Notes: Purified homogenous glutamic acid decarboxylase (GAD) from mouse brain and rabbit antiserum prepared to partially purified GAD gave only one sharp precipitin band in the Ouchterlony double diffusion test. GAD activity was inhibited partially by incubating with the antiserum. The maximal extent of inhibition was approximately 50 per cent. In the presence of antiserum all enzyme activity could be precipitated. The precipitates formed by GAD and antiserum had about 50 per cent of the enzyme activity and the Km values for both glutamic acid and pyridoxal phosphate were significantly higher than those of the control system. Pyridoxal phosphate protected GAD from inhibition only slightly, even at very high concentrations. The results suggest that the antibodies may not react with the catalytic site, but rather that the inhibition of enzyme activity is attributable to indirect effects.
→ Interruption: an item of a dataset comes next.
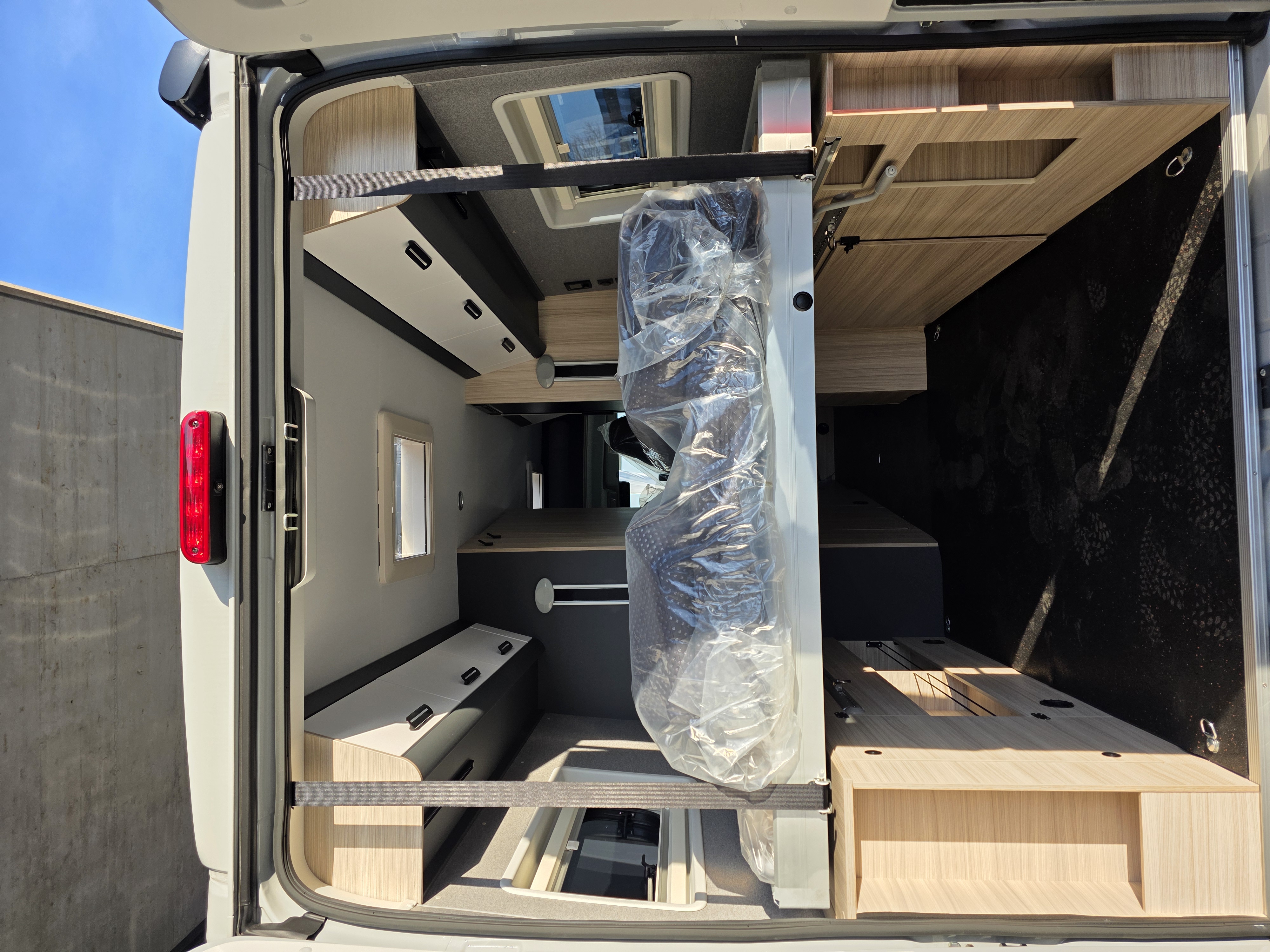Sportlicher Campervan mit Längsbett (Hubbett)

Notes: Electrophoretically and ultracentrifugally homogeneous glutamic acid decarboxylase purified from mouse brain showed multiple protein bands after electrophoresis in SDS polyacrylamide gel. The positions and intensities of the multiple bands were constant despite different treatments of the enzyme with various concentrations of SDS, β-mercaptoethanol, and urea at different temperatures. The major band had an apparent molecular weight of approximately 60,000 daltons and there were three minor bands of molecular weights, about 120,000, 90,000, and 75,000 daltons, respectively. The molecular weights of almost all bands were approximately integral multiples of 15,000. The possible subunit structure of this enzyme has been discussed in the light of the latter data and data previously reported from ultracentrifugation and gel filtration studies. We suggest that this enzyme may be a hexamer consisting of 15,000-dalton sub-units and that dissociation of these sub-units in SDS is accompanied by reassociation into a variety of aggregates, the probability of whose formation is determined by structural features that are more important than the differences encountered under the environmental conditions employed in these studies.